Question: You wrote I reported “sore shoulder” at end of shift, please match the words
with doctor report and the last email sent to HR (about pain and place)
Answer: You reported a workplace safety incident at the end of your shift to Mr Bedeux.
The diagnosis from doctor was not provided until a later date.
Question: Why I worked on Monday (6/5/24) if I was injured on Sunday (5/5/24) and
reported it to supervisor
Answer: You did not provide a medical certificate to the business advising CDC that
you were unfit to fulfil your role as a bus driver on Monday 6 May 2024. Moreover,
when you signed on at the kiosk on Monday 6 May 2024, you declared that you were
fit to drive your shift.
[2025] FWC 142
6
Question: Why I was not send to doctor/hospital on Sunday (5/5/24) when I reported
pain instead of Monday
Answer: The nature of your reported workplace safety incident on Sunday 5 May 2024,
was not assessed by Mr Bedeux as a life-threatening emergency, and you did not request
an ambulance be called, therefore it was not recommended that you attend a hospital
emergency department. It is also your responsibility to seek medical attention and attend
a General Practitioner appointment should you feel pain that you believe needs a
medical opinion.
As per our previous letter dated 13 May 2024, it remains CDC’s position that your
behaviour is a breach of our policies, which if validated by the investigation results
could demonstrate serious misconduct.
In CDC’s considered view, your departure from our established Policies and Procedures
may constitute serious misconduct. Specifically, we refer to the following policies
(attached for your reference):
1. CDC’s “National Code of Conduct” (Effective Date 7 December 2023):
i. Appropriate Behaviour: “Employees must maintain appropriate
professional standards of behaviour” including “following CDC
policies and procedures, including those relating to health and
safety”.
ii. Breaches of the Code of Conduct “may result in disciplinary action
including and up to the termination of employment”.

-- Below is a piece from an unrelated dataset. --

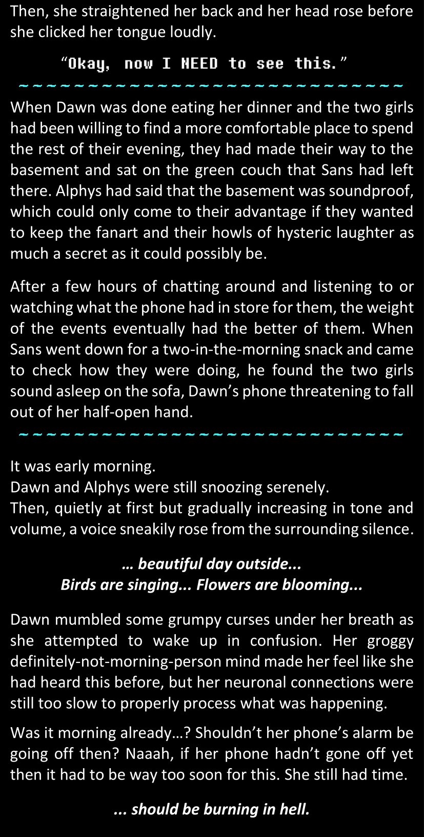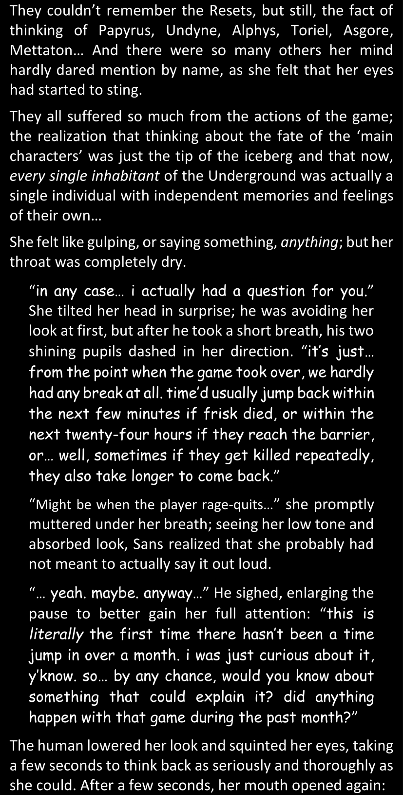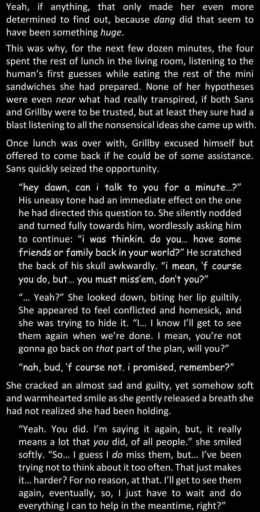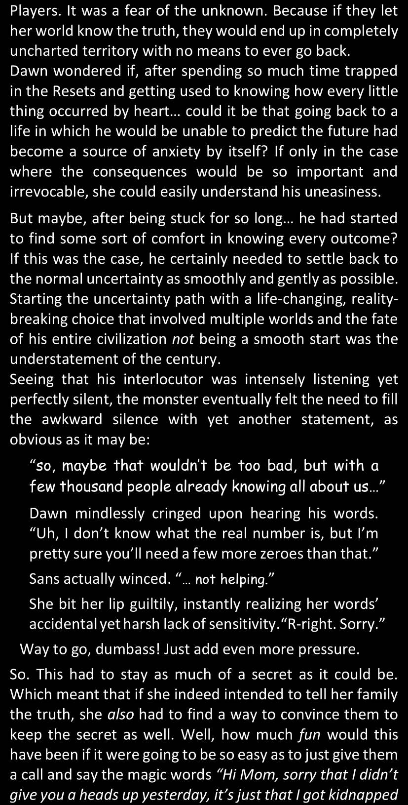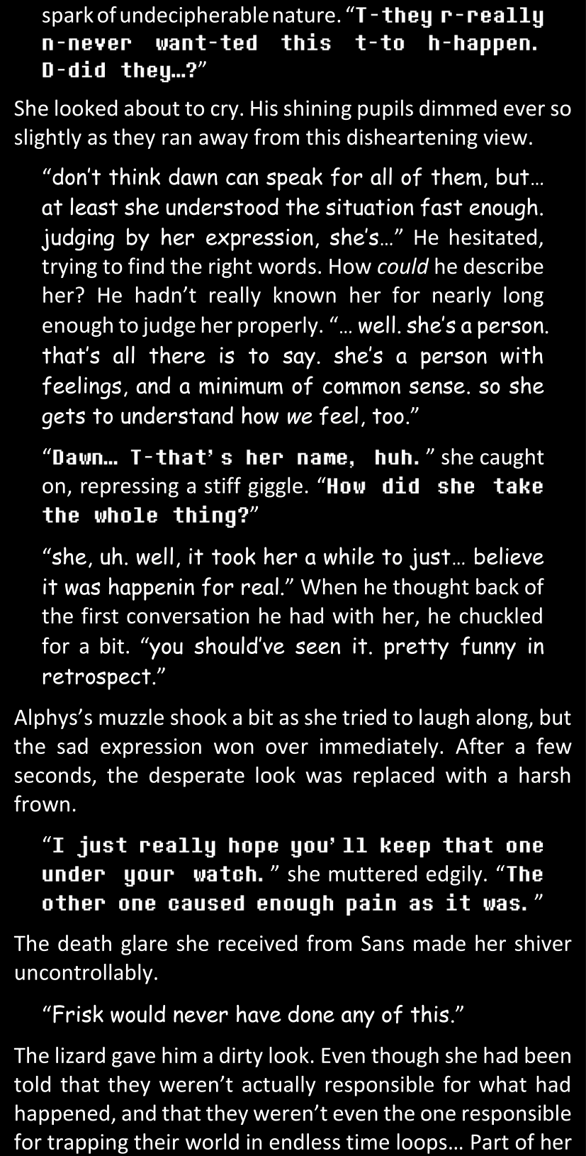 Even after she’s more awake and calmed down, Dawn is still scared of Sans and avoids looking at him. When she asks him what happened to the player while she was unconscious, Sans tells her that he once again had no other choice but to kill Frisk and that this time, they did not Reload for the two hours that followed. Dawn grows some more resentment as she wonders why Sans wasn’t able to get the player on their side, and why he was so adamant on being the only one to ever talk to them; but she doesn’t ask him anything else, feeling too uncomfortable to continue the conversation. Some more doubts appear in her mind (“Maybe he simply doesn’t want or need the player to be on their side for some reason?”), but the mental image of Sans’s cold-blooded face upon killing Frisk makes her too afraid to continue digging, as she is growing more and more terrified of what could happen if her suspicions were right.

2. CDC’s “Work Health and Safety Policy” (Effective Date 1 March 2024):
i. “[CDC] are committed to providing transportation services that are
safe and meet the needs of our customers and the communities”.
ii. “[CDC] constantly strive to achieve the highest possible standards of
health, safety and wellbeing for everyone that the company interacts
with”.
3. CDC’s “National Workplace Behaviour Policy” (Effective Date 1 February 2023):
i. “[CDC] does not tolerate inappropriate workplace behaviours that
jeopardise the health, safety or wellbeing of its employees.”

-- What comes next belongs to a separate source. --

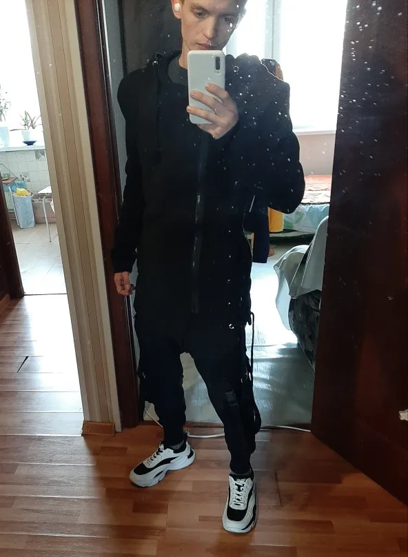 What's up guys?! In general, the order came for 19-20 days to sergiev posada (moscow region) 6 days lay in the post office already in my city, but they did not have something there, and i showed that the parcel was still on the way. About the jogger themselves, then fully correspond to the description. All as in the photo. At its height of 181 and weight 63 took xxl, relying on feedback. They sat perfectly. Threads do not stick out, the material is quality. The jogger has no belt loops, but there is no need for them, as there is a lace in an elastic band on the belt, which can be tightened if the belt is too big. Pockets are voluminous and reliable. These rope ribbons can be unfastened or adjusted as you want. Pleased with the keychain from the store as a gift. In the photo there was little time so i could not convey all the details. In general, order if you also like similar style. Pants cost their money, besides, we have similar difficult to find, and when found, they cost two or three times more expensive. After washing, i will add a supplement to the review, let's see whether or not.

4. CDC’s “Use of Mobile Phones Policy (Buses)” (Effective Date 24 August 2020):
i. “In the interest of abiding with the law and upholding public safety,
under no circumstances are employees who are in control of a bus or
maintaining buses permitted to use a mobile phone or similar devices
(including the use of Bluetooth earpiece etc) for any function or
purpose whilst they are operating or working on a CDC Bus”.
ii. “Any breach of this policy will be considered a serious safety breach
which will result in summary dismissal”.
5. Fair Work Regulations 2009 (Cth) Reg 1.07, which provides that serious misconduct
includes wilful or deliberate behaviour by an employee that is inconsistent with the
continuation of the contract of employment, conduct that causes serious and
imminent risk to the health or safety of a person, or the reputation, viability or
profitability of the employer’s business.
[2025] FWC 142
7
6. We otherwise refer to the Road Rules 2014 (NSW). Specifically, Reg 300 thereof,
which provides that the driver of a vehicle must not use a mobile phone while the
vehicle is moving. “Use”, as defined under the Rules, involves any action by a driver
including holding the body of the phone, sending, or looking at anything that is in
the phone, or operating any other function of the phone.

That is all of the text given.